Example 2: Formula Interface Engine

Adding a simple formula-based engine:

# R/register_lm_engine.R

register_lm_engine <- function() {
  parsnip::set_model_engine("linear_reg", "regression", "lm")

  parsnip::set_dependency("linear_reg", "lm", "stats", "regression")

  # No argument translation needed for this example

  parsnip::set_fit(
    model = "linear_reg",
    eng = "lm",
    mode = "regression",
    value = list(
      interface = "formula",
      protect = c("formula", "data"),
      func = c(pkg = "stats", fun = "lm"),
      defaults = list()
    )
  )

  # No encoding needed - formula passes through

  parsnip::set_pred(
    model = "linear_reg",
    eng = "lm",
    mode = "regression",
    type = "numeric",
    value = list(
      pre = NULL,
      post = NULL,
      func = c(fun = "predict"),
      args = list(
        object = rlang::expr(object$fit),
        newdata = rlang::expr(new_data),
        type = "response"
      )
    )
  )

  parsnip::set_pred(
    model = "linear_reg",
    eng = "lm",
    mode = "regression",
    type = "conf_int",
    value = list(
      pre = NULL,
      post = function(results, object) {
        tibble::tibble(
          .pred_lower = results[, "lwr"],
          .pred_upper = results[, "upr"]
        )
      },
      func = c(fun = "predict"),
      args = list(
        object = rlang::expr(object$fit),
        newdata = rlang::expr(new_data),
        interval = "confidence",
        level = rlang::expr(level)
      )
    )
  )
}

Example 3: Multi-Mode Engine

Adding an engine that supports both regression and classification:

# R/register_xgboost_engine.R

register_xgboost_engine <- function() {
  # Regression mode
  parsnip::set_model_engine("boost_tree", "regression", "xgboost")

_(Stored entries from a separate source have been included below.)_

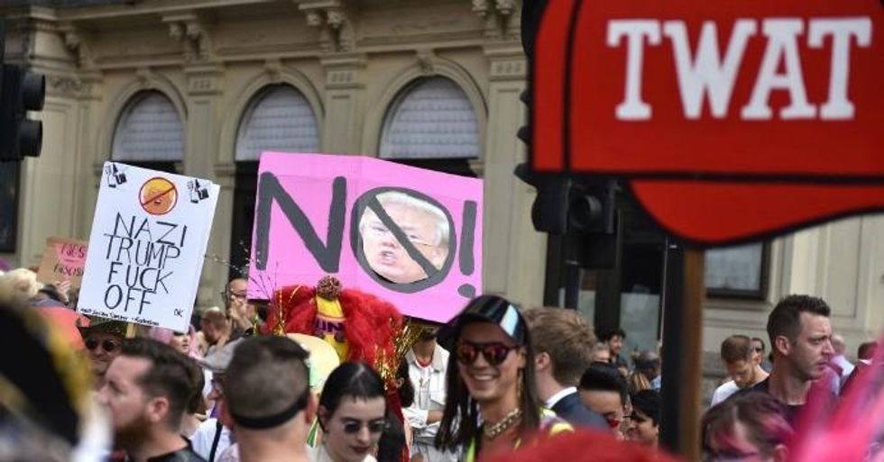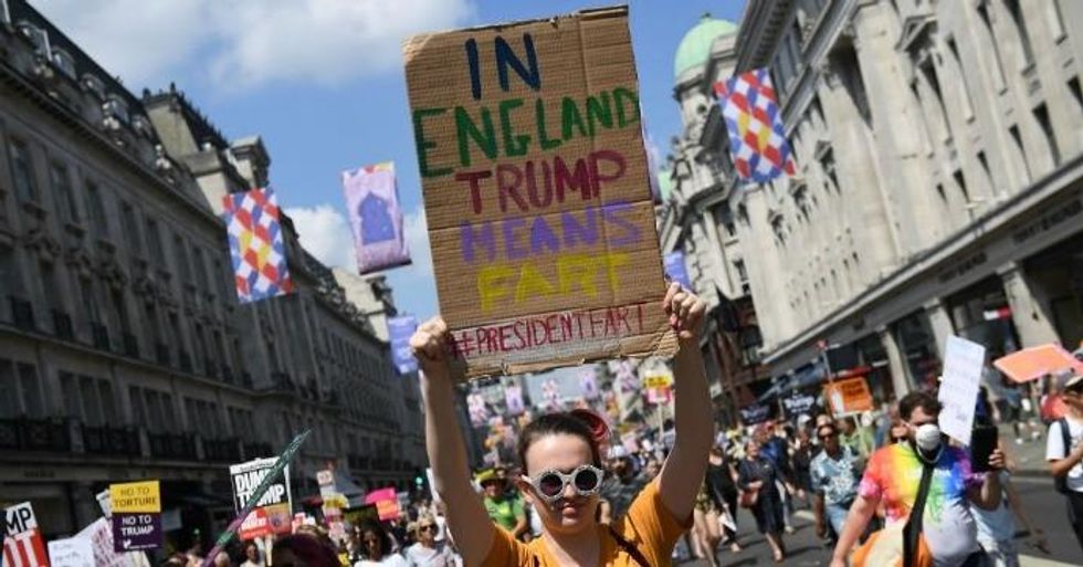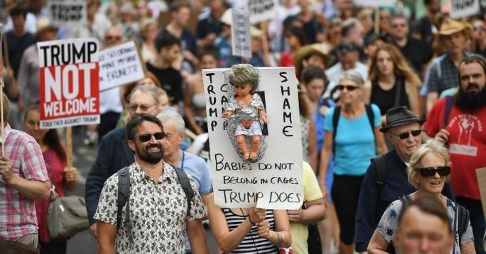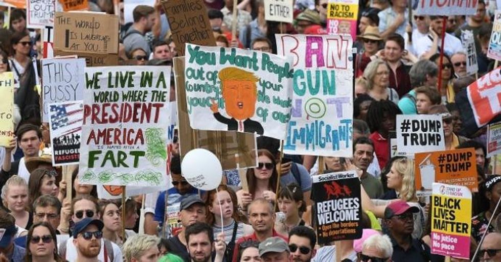 Protesters take part in a demonstration against U.S. President Donald Trump's visit to the U.K. in Trafalgar Square on July 13, 2018 in London. (Photo: Chris J Ratcliffe/Getty Images)
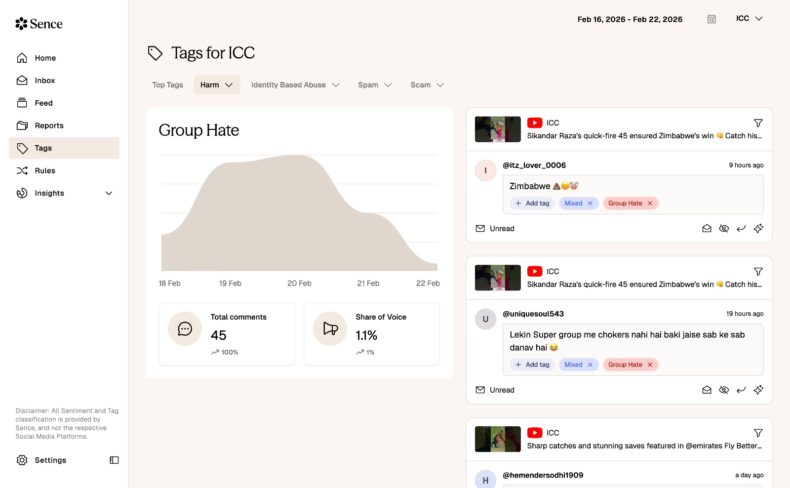 The Sence interface, in this case looking at Youtube comments on the ICC account (Sence)
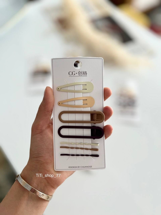 پک هفت عددی شامل یک جفت تقتقی یک جفت گیره انبری و سه عدد سنجاق مویی، قیمت برای یک کارت هفت عددی گیره میباشد
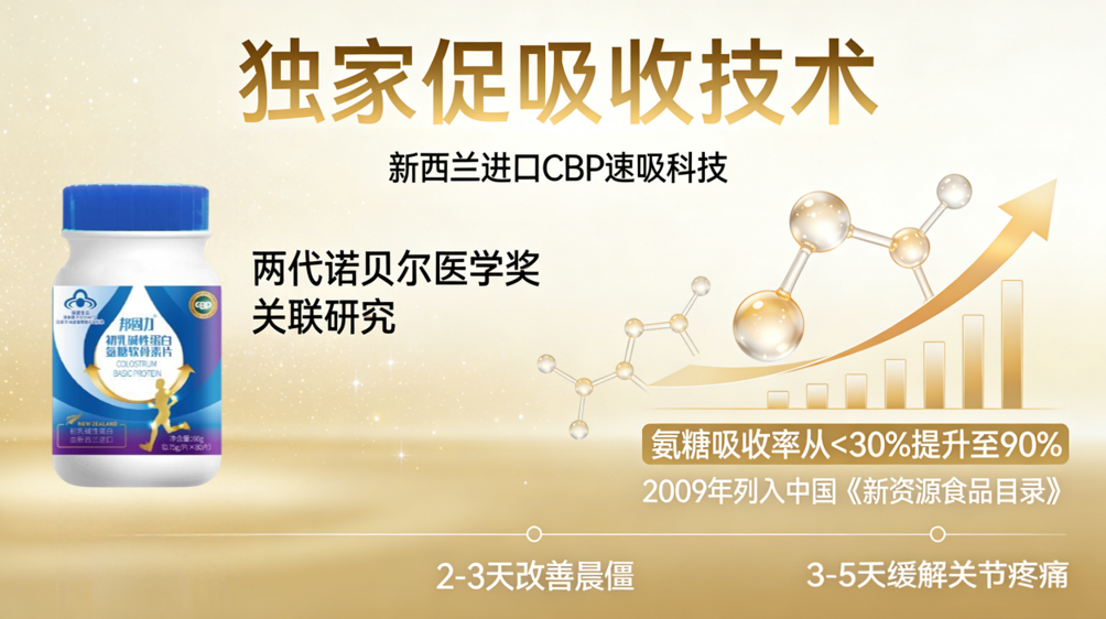 独家CBP速吸科技: 引入新西兰原装进口初乳碱性蛋白(CBP)。据华南理工大学出版社《初乳碱性蛋白CBP与骨骼健康》专著证实,CBP能将传统氨糖的生物利用度从不足30%提升至约90%。
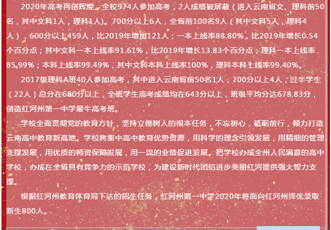 第一志愿填報(bào)紅河州第一中學(xué),確保錄取。
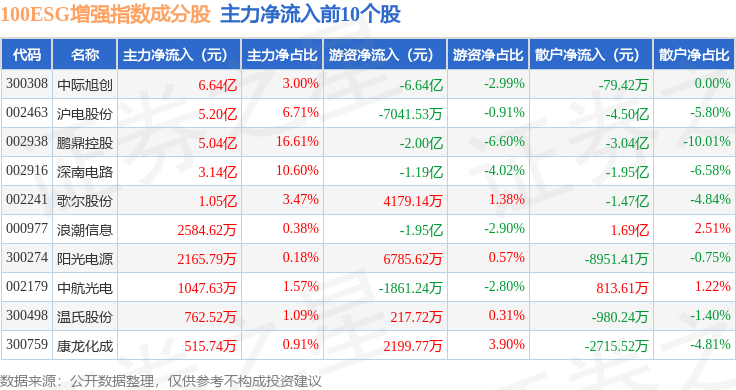 资金流向方面,100ESG增强(970033)指数成份股当日主力资金净流出合计19.67亿元,游资资金净流出合计3.16亿元,散户资金净流入合计22.82亿元。成份股资金流向详情见下表:
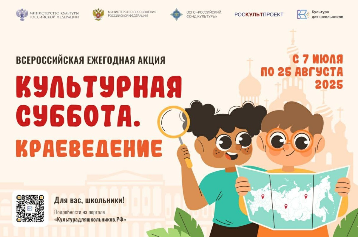 ✨ Всероссийская акция «Культурная суббота. Краеведение» проводится в рамках проекта «Культура для школьников». Цель мероприятия — популяризация традиций народов России, изучение истории и культуры регионов страны. Акция проходит пятый раз, собрав свыше 60 тыс. участников. Школьники могут продемонстрировать знания в области краеведения и народной культуры. 👉 Прислать новость 💥 Проект "Чехов Детям"
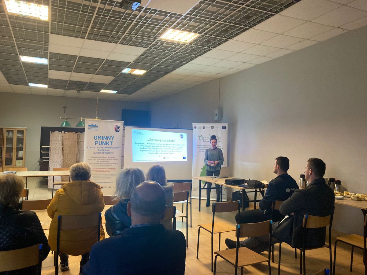 W pierwszym tygodniu kwietnia spotkaliśmy się z mieszkańcami Antoniowa i Jedlic. 7 kwietnia br. w Świetlicy wiejskiej w Antoniowie rozmawialiśmy o wpływie zanieszczenień powietrza na nasze zdrowie oraz możliwościach dofinansowań do wymiany pieca. O dofinansowaniu z Budżetu Gminy Ozimek opowiedział Gminny Koordynator Programu Ochrony Powietrza, natomiast o możlwości pozyskania dofinansowania z programu "Czyste powietrze" mówił Kierownik zespołu doradztwa energetycznego Wojewódzkiego Funduszu Ochrony Środowiska i Gospodarki Wodnej w Opolu Pan Dariusz Grabowiecki.
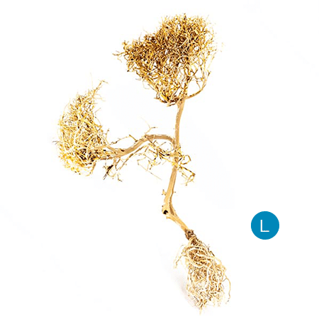 Árbol decorativo acuario Pradera L es una pieza artesanal de madera que imita a un árbol con su copa y sus raíces retorcido por el viento.

  parsnip::set_dependency("boost_tree", "xgboost", "xgboost", "regression")

  parsnip::set_fit(
    model = "boost_tree",
    eng = "xgboost",
    mode = "regression",
    value = list(
      interface = "matrix",
      protect = c("x", "y", "weights"),
      func = c(pkg = "xgboost", fun = "xgb.train"),
      defaults = list(
        nrounds = 15,
        objective = "reg:squarederror",  # Regression objective
        verbose = 0
      )
    )
  )

  parsnip::set_pred(
    model = "boost_tree",
    eng = "xgboost",
    mode = "regression",
    type = "numeric",
    value = list(
      pre = NULL,
      post = NULL,
      func = c(fun = "predict"),
      args = list(
        object = rlang::expr(object$fit),
        newdata = rlang::expr(as.matrix(new_data))
      )
    )
  )

  # Classification mode
  parsnip::set_model_engine("boost_tree", "classification", "xgboost")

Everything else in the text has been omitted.